Written by Rob Otto (robdylan)

Posted in :Original Content, Sharks, Super Rugby on 18 Mar 2014 at 10:16
Tagged with : , , , , ,

Cell C Sharks Director of Rugby Jake White has praised his team for the manner in which they overcame disruptions during last week’s build-up to record an ultimately convincing win over former Super Rugby champions the Reds.

Reading between the lines, it seems as though the shock waves that rippled through the fan base as first Paul Jordaan and then later Pieter-Steph du Toit were confirmed as knee injury victims were felt far more keenly still within the camp.

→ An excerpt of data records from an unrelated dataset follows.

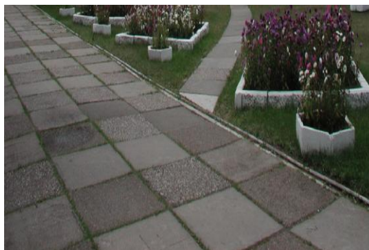
Асфальтированные дорожки профилактория
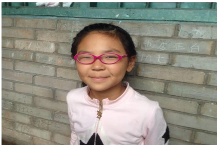
图二：助明计划项目

项目为雅安市宝兴县、汉源县、芦山县和雨城区的妇幼保健院提供小儿眼科检查设备，对以上 4 县区 3-7 岁儿童进行视力筛查、并对筛查出眼疾的儿童进行配镜、矫正及手术补贴；同时在当地开展验光师培训和小儿眼科疾病相关知识培训。
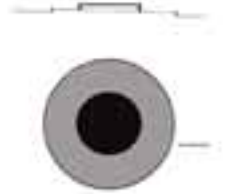
Liikenneympyrä, hiottu musta betoni.
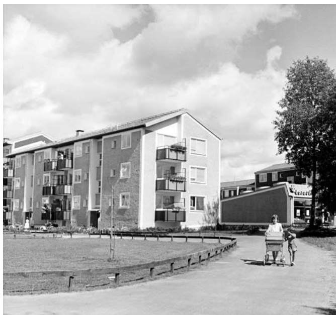
Bostadsområde i Baronbackarna, 1960-tal.
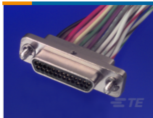
TE 产品编号2-1532176-7 M83513/04-F11C, MCKS-C2-B-37S6Q9-18.0
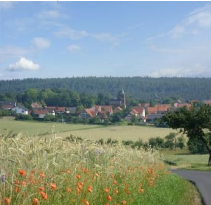
Erlenbach OT Streit Autor Mainland Miltenberg Churfranken e.V. Quelle Mainland Miltenberg-Churfranken e.V.

I’m not quite sure exactly what the circumstances were leading up to du Toit’s injury, in particular, but there seemed, to me at least, to some sort of a pallour hanging over the team as they played on Saturday, suggesting that the harsh reality of life as a professional sportsman has affected each one of them in a very personal way just days before the game.

Not that the Sharks necessarily looked like a disrupted team, though. The new men to come in – particularly lock Stephan Lewies and centre S’bura Sithole, who were each starting for the first time at this level – acquitted themselves well and the team hardly seemed to lack cohesion. Certainly, for the first 35 minutes or so the Sharks went about their business in a thoroughly organised and professional, if perhaps somewhat dispirited, fashion and any lack of adventure on attack could, I’m sure, be marked down to the unfavourable conditions. The half-time statistics showed that the Sharks had committed only a single handling error to the Reds’ five, a pretty clear indication that the right approach was selected for the day, regardless of the lack of tries inherent to that style of play.

What happened after that, though, is anyone’s guess. White has stopped short of publicly admitting that the players went to sleep, but for the fourth time in as many matches, the rampant Sharks allowed themselves a “quiet quarter”, suffering from a drop in intensity and precision that opened the door just wide enough for their opponents to force a foot through. We all know just how tight the margins can be at this level of the game; a 15 or 20 point lead is not one you can really afford to defend against any team in Super Rugby, as we saw on Saturday. Two quick tries were all it took for half-time’s assured win to turn into a mad scramble with 20 minutes to play.

I can only speak for myself here, but I find myself very much in two minds about what I saw. While I’m obviously thrilled at the string of results, it does concern me that the Sharks are repeatedly suffering from these extended soft periods, periods where discipline falters, execution standards drop off and attitude seems poor. We can hardly bemoan a lack of desire to win, though, since the team has not (yet) failed to recover sufficiently to secure the points, but the perfectionist in me does wonder what kinds of scores could have been achieved had we seen 80 minute performances – particularly against the Hurricanes and Reds, where bonus points really should have been secured given the big half-time margins.

That said, when staking up the positives, you can understand this is really only a minor consideration – and why White simply has no justification or need to heap anything but praise on his team (at least publicly). Perhaps we need to be careful of over-analysis here; these boys are only human at the end of the day and were dealt a couple of big blows during the week as they saw close friends lost to injury and bereavement. They found a way to put that behind them and beat a top side by a margin of 15 points, in the Durban humidity. That’s a result that’s good enough for the coaches and should, I think, be good enough for the fans.